The task:
All lines below between the line with "President Richard Nixon" and the line with "The Arista 7050SX3-96YC8", including both, must be copied exactly, and the pictures must be omitted.

Available records:
****************************************

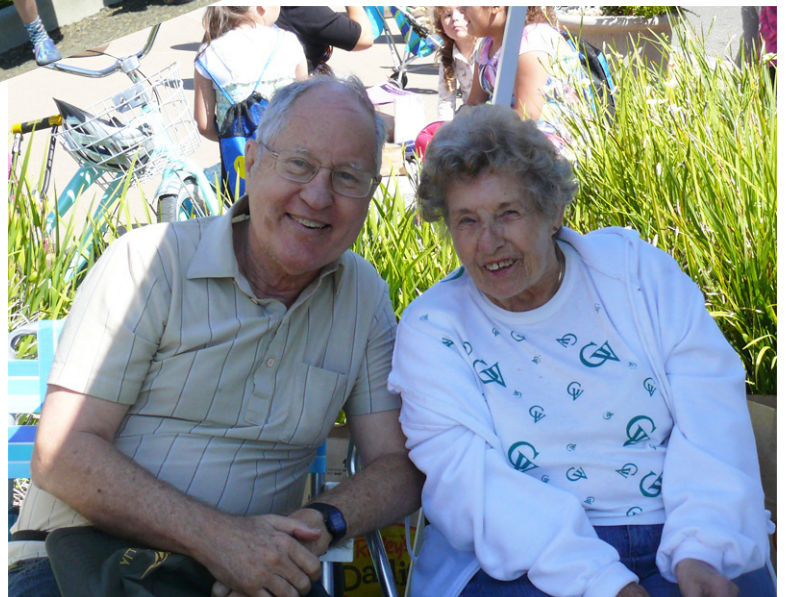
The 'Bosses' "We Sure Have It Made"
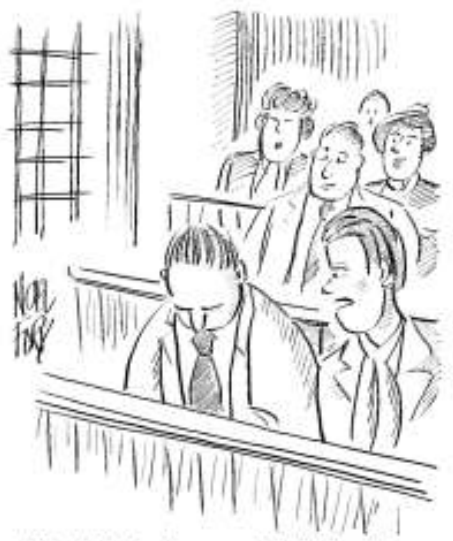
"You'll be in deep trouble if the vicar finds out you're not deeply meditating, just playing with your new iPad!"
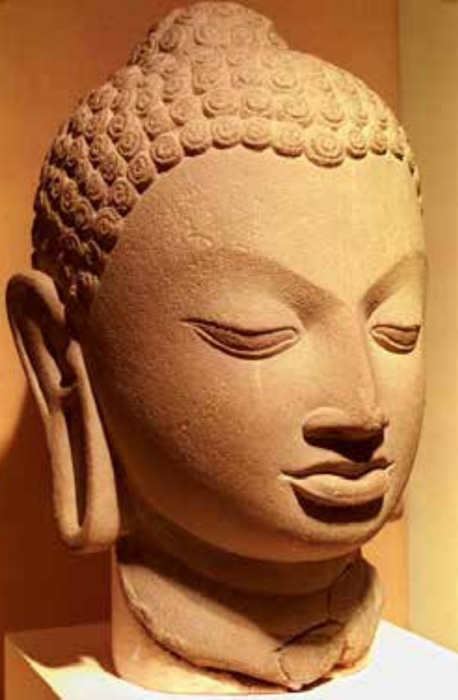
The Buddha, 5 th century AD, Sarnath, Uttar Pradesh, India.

****************************************

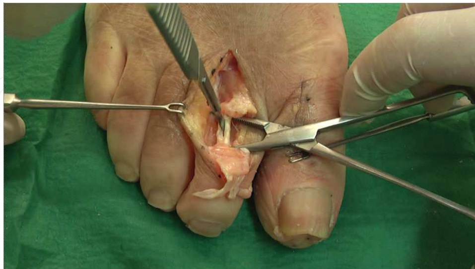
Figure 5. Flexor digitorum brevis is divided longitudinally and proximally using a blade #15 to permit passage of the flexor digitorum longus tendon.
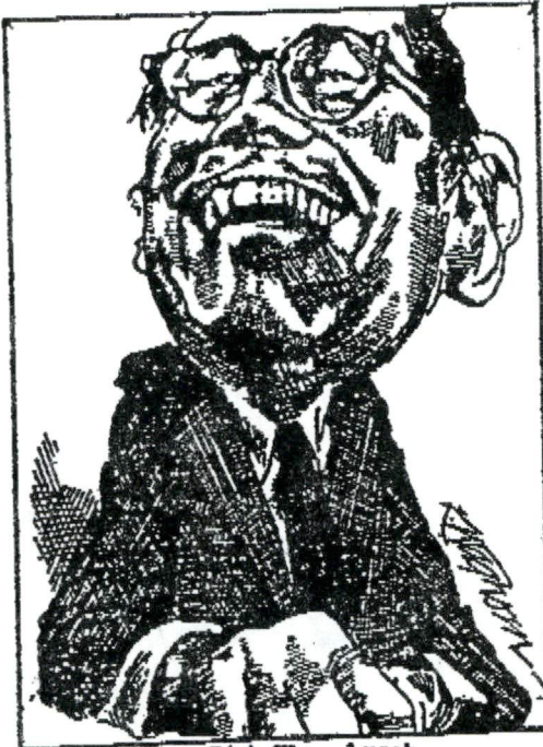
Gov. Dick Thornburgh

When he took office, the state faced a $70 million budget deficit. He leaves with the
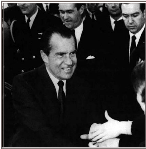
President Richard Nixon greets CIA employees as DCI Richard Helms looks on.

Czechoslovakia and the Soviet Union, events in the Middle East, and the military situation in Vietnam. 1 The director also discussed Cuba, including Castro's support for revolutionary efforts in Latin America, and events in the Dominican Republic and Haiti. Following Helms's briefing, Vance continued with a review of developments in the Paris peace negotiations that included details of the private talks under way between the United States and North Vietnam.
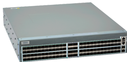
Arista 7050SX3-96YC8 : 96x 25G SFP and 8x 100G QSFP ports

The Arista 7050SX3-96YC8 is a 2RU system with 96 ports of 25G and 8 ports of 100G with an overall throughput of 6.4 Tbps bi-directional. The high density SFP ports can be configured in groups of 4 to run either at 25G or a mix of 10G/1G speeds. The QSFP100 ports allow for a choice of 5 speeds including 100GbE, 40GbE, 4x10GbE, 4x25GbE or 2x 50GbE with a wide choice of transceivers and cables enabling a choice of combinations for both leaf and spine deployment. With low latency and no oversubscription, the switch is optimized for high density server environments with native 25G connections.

****************************************

Exercise solution:
President Richard Nixon greets CIA employees as DCI Richard Helms looks on.

Czechoslovakia and the Soviet Union, events in the Middle East, and the military situation in Vietnam. 1 The director also discussed Cuba, including Castro's support for revolutionary efforts in Latin America, and events in the Dominican Republic and Haiti. Following Helms's briefing, Vance continued with a review of developments in the Paris peace negotiations that included details of the private talks under way between the United States and North Vietnam.
Arista 7050SX3-96YC8 : 96x 25G SFP and 8x 100G QSFP ports

The Arista 7050SX3-96YC8 is a 2RU system with 96 ports of 25G and 8 ports of 100G with an overall throughput of 6.4 Tbps bi-directional. The high density SFP ports can be configured in groups of 4 to run either at 25G or a mix of 10G/1G speeds. The QSFP100 ports allow for a choice of 5 speeds including 100GbE, 40GbE, 4x10GbE, 4x25GbE or 2x 50GbE with a wide choice of transceivers and cables enabling a choice of combinations for both leaf and spine deployment. With low latency and no oversubscription, the switch is optimized for high density server environments with native 25G connections.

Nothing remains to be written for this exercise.